Extracted data entries
##########

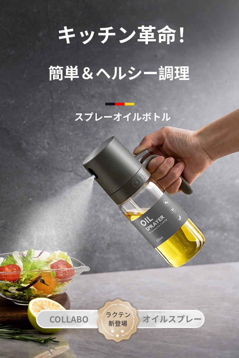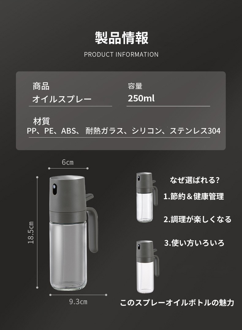 入賞 オイルスプレー オイルポット ボトル キッチン 耐熱ガラス 120°オリーブオイル 霧吹き 料理用 250ml ガラスボトル透明 スプレーボトル 調味料入れ 漏れ防止噴霧器 油さし醤油ス ミスト
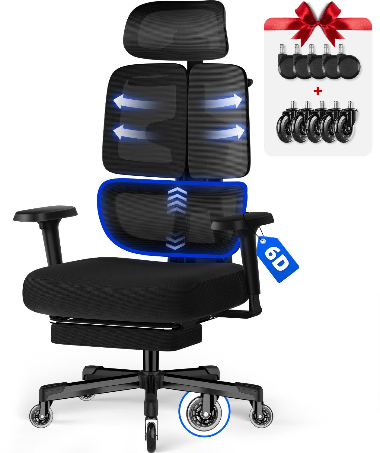 5 cm nach oben und unten verstellbar Adaptives Design der Rückenlehne Dynamische, selbsteinstellende 20°-Lordosenstütze
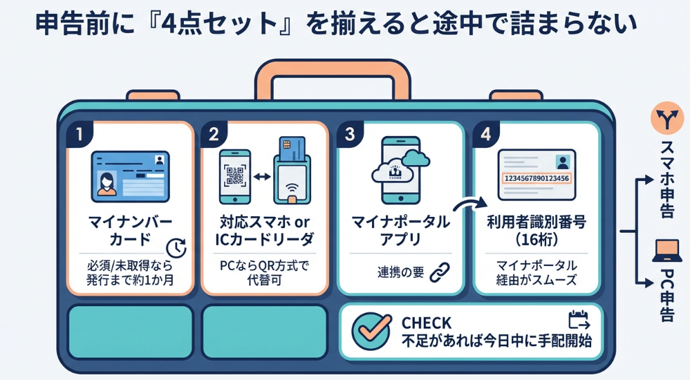 「何を準備すればいいかわからない」という悩みは珍しくありません。マイナンバーカード方式でe-Tax確定申告を行うには、以下の4点を事前に揃えておく必要があります。
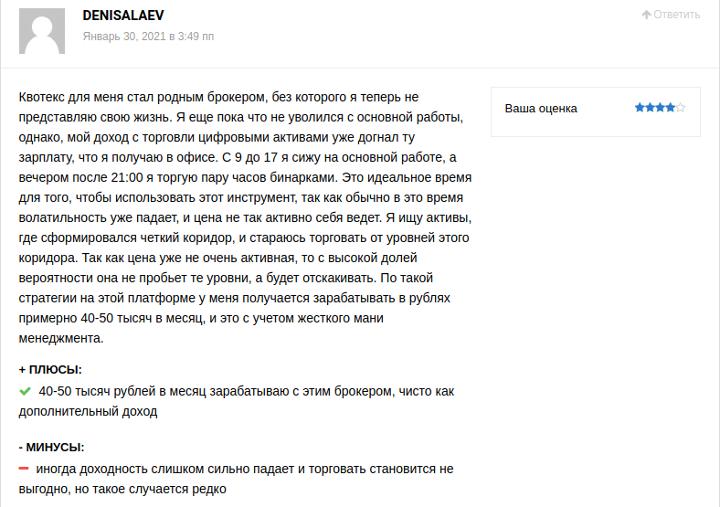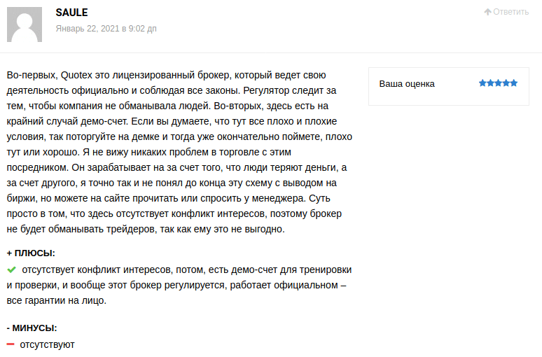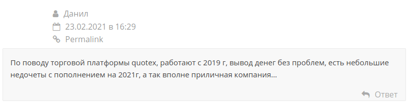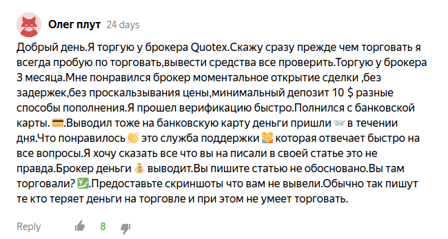 Следующий отзыв о брокере Квотекс получен с одного из многочисленных сайтов финансовых «аналитиков», на поверку не имеющих к финансам никакого отношения. Автор отзыва, противопоставляя свой опыт информации создателя материала, указывает, что торгует в компании продолжительное время. Перед тем, как вложить крупную сумму, попробовал провести пополнение и вывод на небольшом объеме денег и все прошло удачно. Часто негатив на прогрессивную компанию — заказной материал от конкурентов с еще большими репутационными рисками. Всего за пару лет Quotex зарекомендовал себя надежным партнером, исправно выплачивающим деньги клиентам. Здесь же отмечена и высокая скорость вывода — автору деньги на карту пришли в течение 1 дня.
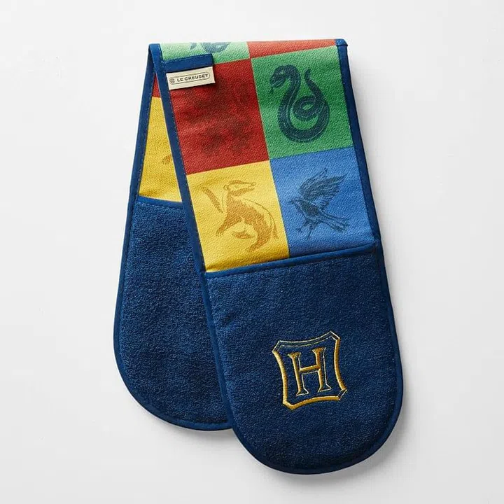Just like the Great Hall banner, but draped around your pot. Made of blue terrycloth and cotton canvas, with a quilted lining for insulation, this potholder comes in handy when carrying hot dishes from the kitchen to the dining table.
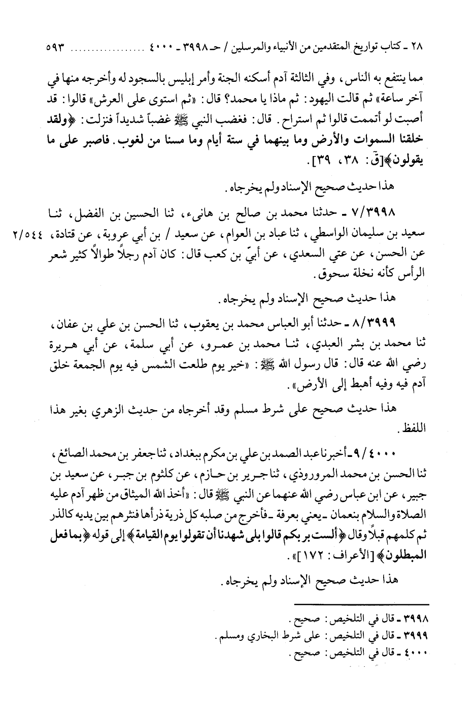4000 - أَخْبَرَنَا عَبْدُ الصَّمَدِ بْنُ عَلِيِّ بْنِ مُكْرَمٍ، بِبَغْدَادَ، ثنا جَعْفَرُ بْنُ مُحَمَّدٍ الصَّائِغُ، ثنا الْحَسَنُ بْنُ مُحَمَّدٍ الْمَرْوَزِيُّ، ثنا جَرِيرُ بْنُ حَازِمٍ، عَنْ كُلْثُومِ بْنِ جَبْرٍ، عَنْ سَعِيدِ بْنِ جُبَيْرٍ، عَنِ ابْنِ عَبَّاسٍ رَضِيَ اللَّهُ عَنْهُمَا، عَنِ النَّبِيِّ صَلَّى اللهُ عَلَيْهِ وَسَلَّمَ قَالَ: " §أَخَذَ اللَّهُ الْمِيثَاقَ مِنْ ظَهْرِ آدَمَ بِنَعْمَانَ، يَعْنِي بِعَرَفَةَ، فَأَخْرَجَ مِنْ صُلْبِهِ كُلَّ ذُرِّيَّةٍ ذَرَأَهَا فَنَثَرَهُمْ بَيْنَ يَدَيْهِ كَالذَّرِّ، ثُمَّ كَلَّمَهُمْ قُبُلًا وَقَالَ: {أَلَسْتُ بِرَبِّكُمْ قَالُوا بَلَى شَهِدْنَا أَنْ تَقُولُوا يَوْمَ الْقِيَامَةِ} [الأعراف: 172] إِلَى قَوْلِهِ {بِمَا فَعَلَ الْمُبْطِلُونَ} [الأعراف: 173] «هَذَا حَدِيثٌ صَحِيحُ الْإِسْنَادِ وَلَمْ يُخَرِّجَاهُ» K4000 - صحيح
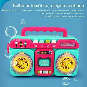 Características Brinquedo infantil com bolhas automáticas, música e luzes coloridas Design portátil, leve e fácil de transportar Inspirado em rádio vintage, visual encantador para crianças Sistema à prova de vazamentos para brincar sem bagunça Seguro e não tóxico, ideal para crianças acima de 3 anos Perfeito para festas, encontros e brincadeiras ao ar livre
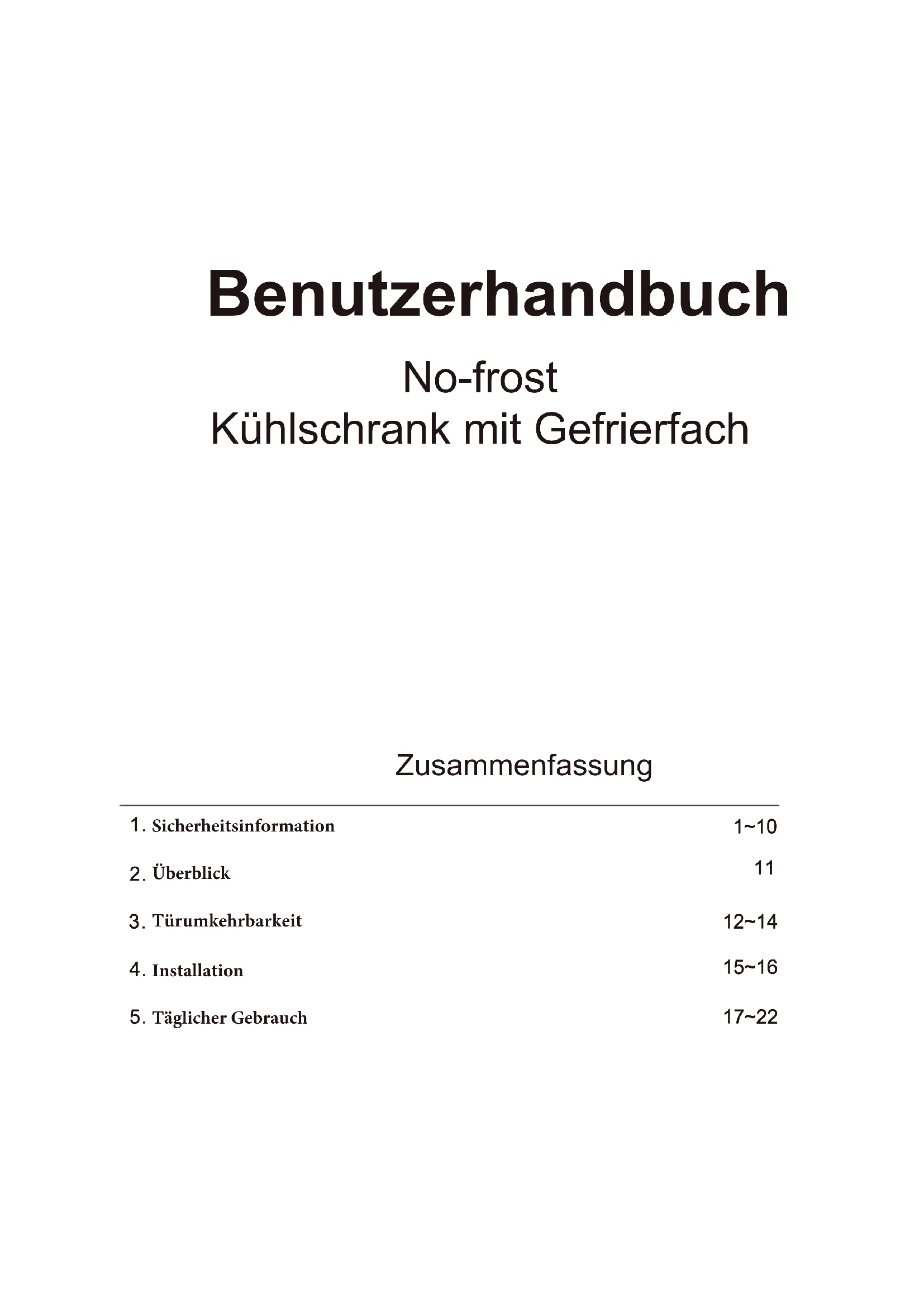 12~14 15~16 17~22 Benutzerhandbuch No-frost Kühlschrank mit GefrierfachVielen Dank für den Kauf dieses Produkts. Bevor Sie den Kühlschrank benutzen, lesen Sie bitte aufmerksam diese Bedienungsanleitung, um das Gerät optimal zu nutzen. Bewahren Sie alle Unterlagen für spätere Zwecke oder Nachbesitzer auf. Dieses Produkt ist nur für Privathaushalte oder ähnliche Anwendungszwecke vorgesehen: - Personalküche in Geschäften, Büros und anderen Arbeitsumgebungen - landwirtschaftliche Betriebe, Hotels, Motels und andere Wohnumgebungen - Frühstückspensionen - Party-Servicedienste und ähnliche nicht dem Einzelverkauf dienende Anwendungen. Dies es Gerät darf nur zur Lagerung von Lebensmitteln benutzt werden. Jede andere Benutzung gilt als gefährlich und führt zum Haftungsausschluss des Herstellers. Darüber hinaus sollten Sie die Garantiebedingungen beachten. SICHERHEITSHINWEISE Bitte lesen Sie die Bedienungs- und Installationsanleitung sorgfältig durch! Sie enthalten wichtige Informationen, wie das Gerät installiert, verwendet und gewartet werden soll. Der Hersteller haftet nicht, wenn Sie die Anweisungen und Warnungen nicht beachten. Bewahren Sie die gesamte Dokumentation zum Nachschlagen oder für einen eventuellen späteren Besitzer auf.

##########

Give every entry again as it is, dropping its pictures.

▸ SOLVED PROBLEM
 入賞 オイルスプレー オイルポット ボトル キッチン 耐熱ガラス 120°オリーブオイル 霧吹き 料理用 250ml ガラスボトル透明 スプレーボトル 調味料入れ 漏れ防止噴霧器 油さし醤油ス ミスト
 5 cm nach oben und unten verstellbar Adaptives Design der Rückenlehne Dynamische, selbsteinstellende 20°-Lordosenstütze
 「何を準備すればいいかわからない」という悩みは珍しくありません。マイナンバーカード方式でe-Tax確定申告を行うには、以下の4点を事前に揃えておく必要があります。
 Следующий отзыв о брокере Квотекс получен с одного из многочисленных сайтов финансовых «аналитиков», на поверку не имеющих к финансам никакого отношения. Автор отзыва, противопоставляя свой опыт информации создателя материала, указывает, что торгует в компании продолжительное время. Перед тем, как вложить крупную сумму, попробовал провести пополнение и вывод на небольшом объеме денег и все прошло удачно. Часто негатив на прогрессивную компанию — заказной материал от конкурентов с еще большими репутационными рисками. Всего за пару лет Quotex зарекомендовал себя надежным партнером, исправно выплачивающим деньги клиентам. Здесь же отмечена и высокая скорость вывода — автору деньги на карту пришли в течение 1 дня.
Just like the Great Hall banner, but draped around your pot. Made of blue terrycloth and cotton canvas, with a quilted lining for insulation, this potholder comes in handy when carrying hot dishes from the kitchen to the dining table.
4000 - أَخْبَرَنَا عَبْدُ الصَّمَدِ بْنُ عَلِيِّ بْنِ مُكْرَمٍ، بِبَغْدَادَ، ثنا جَعْفَرُ بْنُ مُحَمَّدٍ الصَّائِغُ، ثنا الْحَسَنُ بْنُ مُحَمَّدٍ الْمَرْوَزِيُّ، ثنا جَرِيرُ بْنُ حَازِمٍ، عَنْ كُلْثُومِ بْنِ جَبْرٍ، عَنْ سَعِيدِ بْنِ جُبَيْرٍ، عَنِ ابْنِ عَبَّاسٍ رَضِيَ اللَّهُ عَنْهُمَا، عَنِ النَّبِيِّ صَلَّى اللهُ عَلَيْهِ وَسَلَّمَ قَالَ: " §أَخَذَ اللَّهُ الْمِيثَاقَ مِنْ ظَهْرِ آدَمَ بِنَعْمَانَ، يَعْنِي بِعَرَفَةَ، فَأَخْرَجَ مِنْ صُلْبِهِ كُلَّ ذُرِّيَّةٍ ذَرَأَهَا فَنَثَرَهُمْ بَيْنَ يَدَيْهِ كَالذَّرِّ، ثُمَّ كَلَّمَهُمْ قُبُلًا وَقَالَ: {أَلَسْتُ بِرَبِّكُمْ قَالُوا بَلَى شَهِدْنَا أَنْ تَقُولُوا يَوْمَ الْقِيَامَةِ} [الأعراف: 172] إِلَى قَوْلِهِ {بِمَا فَعَلَ الْمُبْطِلُونَ} [الأعراف: 173] «هَذَا حَدِيثٌ صَحِيحُ الْإِسْنَادِ وَلَمْ يُخَرِّجَاهُ» K4000 - صحيح
 Características Brinquedo infantil com bolhas automáticas, música e luzes coloridas Design portátil, leve e fácil de transportar Inspirado em rádio vintage, visual encantador para crianças Sistema à prova de vazamentos para brincar sem bagunça Seguro e não tóxico, ideal para crianças acima de 3 anos Perfeito para festas, encontros e brincadeiras ao ar livre
 12~14 15~16 17~22 Benutzerhandbuch No-frost Kühlschrank mit GefrierfachVielen Dank für den Kauf dieses Produkts. Bevor Sie den Kühlschrank benutzen, lesen Sie bitte aufmerksam diese Bedienungsanleitung, um das Gerät optimal zu nutzen. Bewahren Sie alle Unterlagen für spätere Zwecke oder Nachbesitzer auf. Dieses Produkt ist nur für Privathaushalte oder ähnliche Anwendungszwecke vorgesehen: - Personalküche in Geschäften, Büros und anderen Arbeitsumgebungen - landwirtschaftliche Betriebe, Hotels, Motels und andere Wohnumgebungen - Frühstückspensionen - Party-Servicedienste und ähnliche nicht dem Einzelverkauf dienende Anwendungen. Dies es Gerät darf nur zur Lagerung von Lebensmitteln benutzt werden. Jede andere Benutzung gilt als gefährlich und führt zum Haftungsausschluss des Herstellers. Darüber hinaus sollten Sie die Garantiebedingungen beachten. SICHERHEITSHINWEISE Bitte lesen Sie die Bedienungs- und Installationsanleitung sorgfältig durch! Sie enthalten wichtige Informationen, wie das Gerät installiert, verwendet und gewartet werden soll. Der Hersteller haftet nicht, wenn Sie die Anweisungen und Warnungen nicht beachten. Bewahren Sie die gesamte Dokumentation zum Nachschlagen oder für einen eventuellen späteren Besitzer auf.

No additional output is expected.